Now, it’s your turn! I wholeheartedly encourage you to give this Chicken Sausage Orzo recipe a try. I’m confident that you’ll love it as much as I do. And please, don’t be shy! I’d absolutely love to hear about your experience. Did you make any modifications? What did you think of the flavors? Share your photos and comments – I’m eager to see your creations and hear your feedback. Let’s build a community of orzo enthusiasts! Happy cooking! I can’t wait to hear from you!

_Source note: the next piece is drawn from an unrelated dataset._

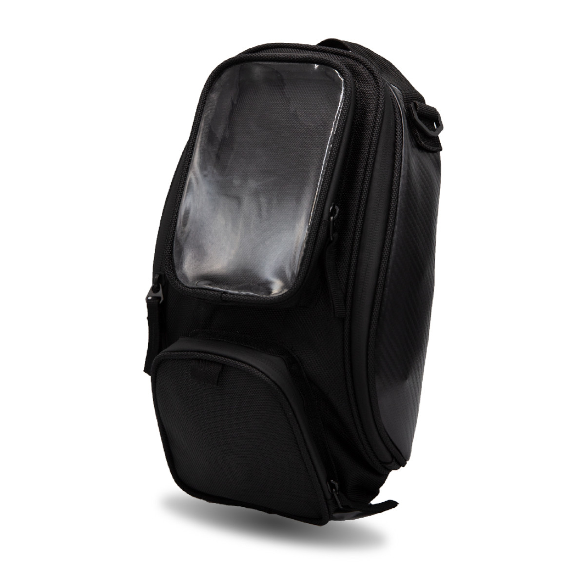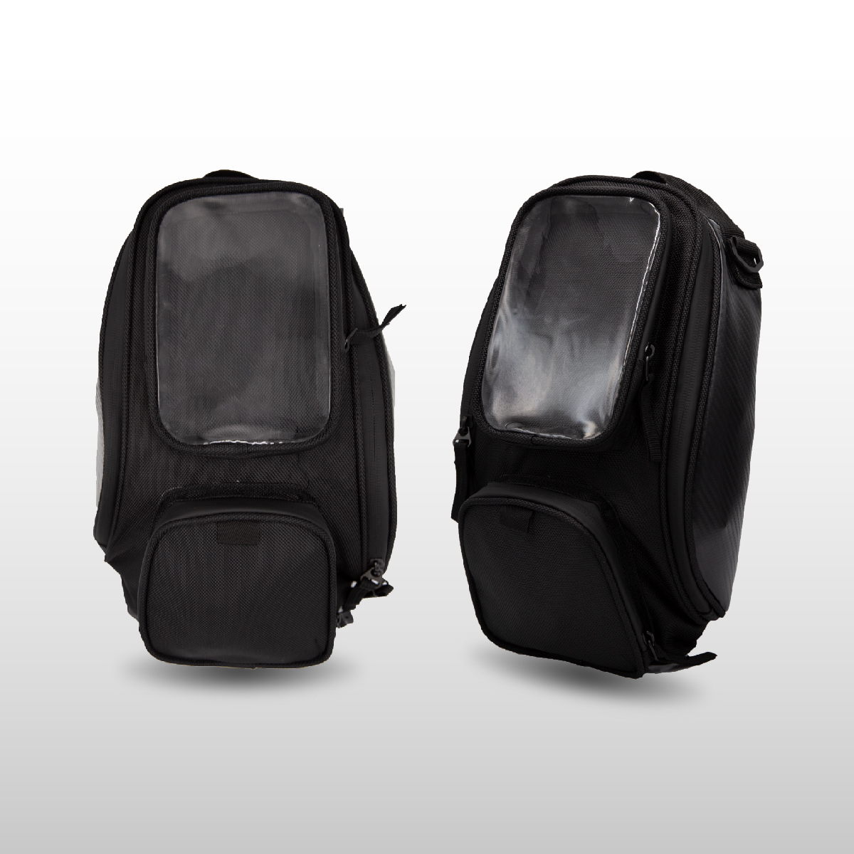 A compact, multi-functional tank bag designed for everyday riders. Features strong magnetic mounting for secure attachment to metal tanks, a touch-friendly clear phone pocket with internal cable routing, water-resistant fabric, and a detachable shoulder strap for off-bike convenience. Ideal for organizing small essentials like phones, wallets, sunglasses, and tools.

Chicken Sausage Orzo: A Delicious and Easy Recipe

Hearty one-pot meal with Italian chicken sausage, orzo, bell peppers, and cannellini beans in a savory broth.

Prep Time15 minutes
Cook Time30 minutes
Total Time45 minutes
Category: Dinner
Yield: 6 servings
Save This Recipe

Ingredients

  • 1 pound Italian chicken sausage, casings removed
  • 1 tablespoon olive oil
  • 1 medium yellow onion, chopped
  • 2 cloves garlic, minced
  • 1 red bell pepper, chopped
  • 1 yellow bell pepper, chopped
  • 1 (14.5 ounce) can diced tomatoes, undrained
  • 1 (15 ounce) can cannellini beans, rinsed and drained
  • 4 cups chicken broth
  • 1 cup orzo pasta
  • 1/2 cup grated Parmesan cheese, plus more for serving
  • 1/4 cup chopped fresh basil
  • 1/4 cup chopped fresh parsley
  • 1 teaspoon dried oregano
  • 1/2 teaspoon red pepper flakes (optional)
  • Salt and freshly ground black pepper to taste

Instructions

  1. Brown the Sausage: In a large pot or Dutch oven, heat the olive oil over medium-high heat. Add the chicken sausage and cook, breaking it up with a spoon, until browned and cooked through (5-7 minutes). Remove sausage and set aside.
  2. Sauté the Onion: Add the chopped onion to the pot and cook until softened and translucent, about 5 minutes, stirring occasionally.
  3. Add Peppers and Garlic: Add the minced garlic, chopped red bell pepper, and chopped yellow bell pepper to the pot. Cook for another 5-7 minutes, stirring occasionally, until the peppers are tender-crisp.
  4. Combine Ingredients: Add the diced tomatoes (with juice), cannellini beans, chicken broth, orzo pasta, dried oregano, and red pepper flakes (if using) to the pot. Stir well to combine.
  5. Simmer: Bring the mixture to a boil, then reduce heat to low, cover, and simmer for 10-12 minutes, or until the orzo is cooked through and the liquid has been absorbed. Stir occasionally to prevent sticking.
  6. Finish and Serve: Stir in the cooked chicken sausage, grated Parmesan cheese, chopped fresh basil, and chopped fresh parsley. Season with salt and pepper to taste. Stir well to combine and melt the cheese.
  7. Taste and Adjust: Adjust seasoning as needed.
  8. Serve: Serve hot, garnished with extra Parmesan cheese and fresh basil or parsley.

Notes

  • Spice it up: Add more red pepper flakes or cayenne pepper, or use spicy Italian sausage.
  • Add more vegetables: Zucchini, spinach, or mushrooms can be added with the bell peppers.
  • Use different beans: Great northern or kidney beans can be substituted for cannellini beans.
  • Make it creamy: Stir in a dollop of mascarpone cheese or heavy cream at the end.
  • Vegetarian option: Use vegetarian sausage and vegetable broth.
  • Make ahead: Can be made ahead and reheated. Store in the refrigerator for up to 3 days. Add extra broth when reheating if needed.
  • Freezing: Can be frozen, but orzo may get mushy. Thaw overnight in the refrigerator before reheating.
  • Broth variations: Use vegetable broth or a combination of chicken and vegetable broth.
  • Herb variations: Rosemary, thyme, or sage can be added.
  • Cheese variations: Pecorino Romano can be substituted for Parmesan cheese.